David Renard, housing spokesman for the Local Government Association (LGA), said: “We are pleased the committee backs our call for tens of thousands of social homes to be built every year, and for this to be supported by an increase in funding for councils, and reform to right to buy.

“We also very much support the committee in asking that the government works with the LGA to ensure right to buy does not lead to a reduction in social housing.

“Housing must be a central part of the national recovery from coronavirus. Now is the time for a genuine renaissance in council housebuilding that reduces homelessness, gets rough sleepers off the streets for good, supports people’s wellbeing and is climate-friendly.”
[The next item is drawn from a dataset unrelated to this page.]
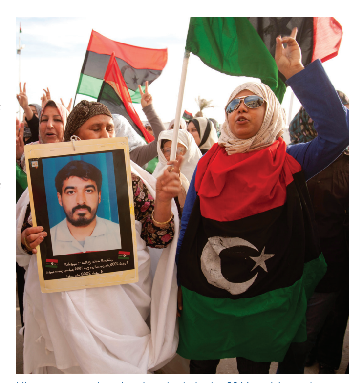
Libyan women played a pivotal role in the 2011 uprising - also referred to as the February 17 revolution - yet their voices were rapidly silenced in its aftermath.

Since the 2011 uprising that removed then President Muammar Gaddafi from power, Libya has been characterized by widespread political instability and violent internal conflict exacerbated by the presence of transnational terrorist groups, mercenaries, and criminal organizations. Following the 2020 ceasefire, a failure to hold presidential and parliamentary elections in December 2021 has, once again, left the country to be ruled by two rival administrations and sparked fear of renewed violence and a resurgence of extremist groups.3 Although the Islamic State was ousted from Libya militarily and politically in 2019, the factors that facilitated its rise widespread political fragmentation, structural inequalities, and interference by international actors – persist.<sup>4</sup> Various militant groups including militias allied to the Muslim Brotherhood, Salafi militias, and jihadists aligned with Al-Qaeda and the Islamic State maintain control over parts of Libyan territory and influence its governing actors. These groups leverage the country's protracted insecurity, poor governance, and factionalism to spread extremist narratives that foster division across political and tribal lines in order to consolidate their influence and recruit mostly young men to their ranks.<sup>5</sup>

Crispin Truman, chief executive of countryside charity CPRE, said: “It has never been more important to deliver better-quality and genuinely affordable homes for everyone and that needs to include rural communities. Not only are decent homes vital for our health and wellbeing, but affordable and socially rented homes make communities more resilient. Our recent analysis revealed a shocking 96 per cent of rural areas are unaffordable for care workers on private rents. Investing in genuinely affordable homes in rural areas will ensure more key workers can live in the areas they serve and services in those areas can recruit the key workers they need.  

“But the dismal building rates of good-quality social housing in rural areas is a scandal that has been ignored by the government for too long. We welcome the committee’s report and urge the government to make social houses for key workers a key part of the recovery from the coronavirus pandemic by ramping up building rates of well-designed, truly affordable and socially rented housing in rural areas as part of the levelling-up agenda. Only then will a fair recovery to the coronavirus pandemic in the countryside be in our sights.”


Building More Social Housing can be found on the UK Parliament website (pdf).